We'll use the fact that the dot product $vec(u)*vec(v)$ can be calculated in two ways:

$vec(u)*vec(v) = u_1v_1+u_2v_2+u_3v_3 = ||vecu||*||vecv||cos(theta)$

Dividing by $||vecu||*||vecv||$ , we get

$cos(theta) = (u_1v_1+u_2v_2+u_3v_3)/(||vecu||*||vecv||)$

or

$theta = arccos((u_1v_1+u_2v_2+u_3v_3)/(||vecu||*||vecv||))$

In our case, we have $vecu = < 0, -7, 6 >$ and $vecv = < -1, 9, -3 >$ .
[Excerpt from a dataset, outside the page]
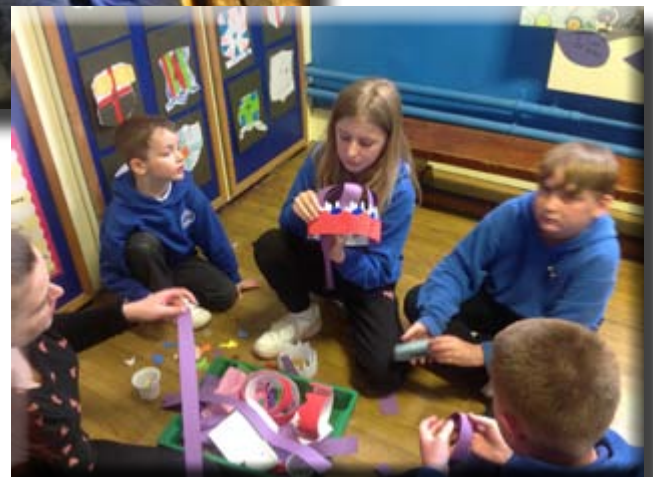
Crown Challenge - see inside

If we calculate their magnitudes, we get

$||vecu|| = sqrt(0^2+(-7)^2+6^2) = sqrt(85)$
and
$||vecv|| = sqrt((-1)^2+9^2+(-3)^2) = sqrt(91)$

So, the formula we derived gives us

$theta = arccos((0(-1)+(-7)(9)+6(-3))/(sqrt(85)*sqrt(91)))$

$=arccos(-81/sqrt(7735))$

$~~2.7414$

What is the angle between <0,-7,6> <0,-7,6> and <-1,9,-3><-1,9,-3>?